Da filosofia oriental, surgiu a idéia de que uma pessoa é tão jovem quanto sua coluna é flexível. Muitas técnicas de saúde e longevidade se concentram na flexibilidade do corpo. Para sentir a falta de auto-flexibilidade e "sufocamento" do corpo, basta ir às aulas de ioga pela primeira vez ou após um longo intervalo. Mas, em circunstâncias normais, estamos limitados a "puxões" e não pensamos muito no que acontece ao nosso corpo inflexível. Entendemos por que precisamos de alongamento, se não somos acrobatas, e como esticar corretamente para não nos machucar.

Історія

Alongamento (alongamento) como um tipo de exercício originado na Suécia nos anos 50 do século passado. Em seguida, desenvolveu um conjunto de exercícios para desenvolver a elasticidade dos músculos e tendões. Dois séculos depois, o alongamento tomou seu lugar no mundo da dança e do esporte. Acreditava-se então que o alongamento dos músculos ajuda a aquecê-los antes do treino e, portanto, proporciona força e protege contra lesões. Esse fato foi refutado recentemente e o alongamento tem sido amplamente utilizado após o treinamento de força para relaxar os músculos.
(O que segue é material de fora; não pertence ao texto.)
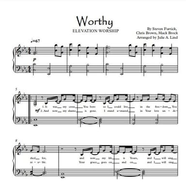 Digital sheet music for piano, (beginner).Publisher: Hal LeonardContributors to this music title:Chris Brown (writer)Mack Brock (writer)Steven Furtick (writer)Wade Joye (writer)This item includes: PDF (digital sheet music to download and print)Instrumentation:piano soloSkill Level:beginnerGenre:christian, contemporary, sacred, praise & worship, childrenPages:2
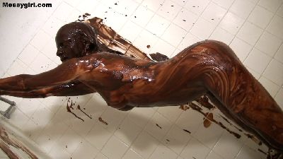 Justine shows how much she loves chocolate, by covering her hot little body head to toe in it.

No entanto, o alongamento revelou muitos outros efeitos positivos: tônus ​​corporal, superação da celulite e melhora da elasticidade da pele, saúde das articulações e da coluna, marcha fácil e até postura.

O que é alongamento

  • Alongamento estático - quando uma pessoa "congela" em uma determinada posição e, nesse momento, seus músculos e tendões são alongados para uma sensação de desconforto leve.
  • Alongamento dinâmico - exercícios nos quais os músculos são alongados durante a repetição de movimentos com maior amplitude. Por exemplo, você pode alcançar as palmas das mãos no chão se dobrar ritmicamente. Esse alongamento envolve movimentos ativos dos braços e pernas, por isso é usado como aquecimento após o treinamento. O alongamento dinâmico ajuda a reduzir a gordura e a celulite.
  • Alongamento estático-passivo - alongamento sob o peso do seu próprio corpo, como cordéis.
  • O alongamento emparelhado é muito conveniente porque um treinador ou parceiro ajuda a alcançar uma determinada posição, aumentando assim a amplitude dos movimentos. O principal é que não houve dor aguda e lesões.
  • O alongamento passivo emparelhado acontece durante a massagem tailandesa, que também é chamada de ioga passiva. Esses "trens" são os mais confortáveis ​​e relaxantes.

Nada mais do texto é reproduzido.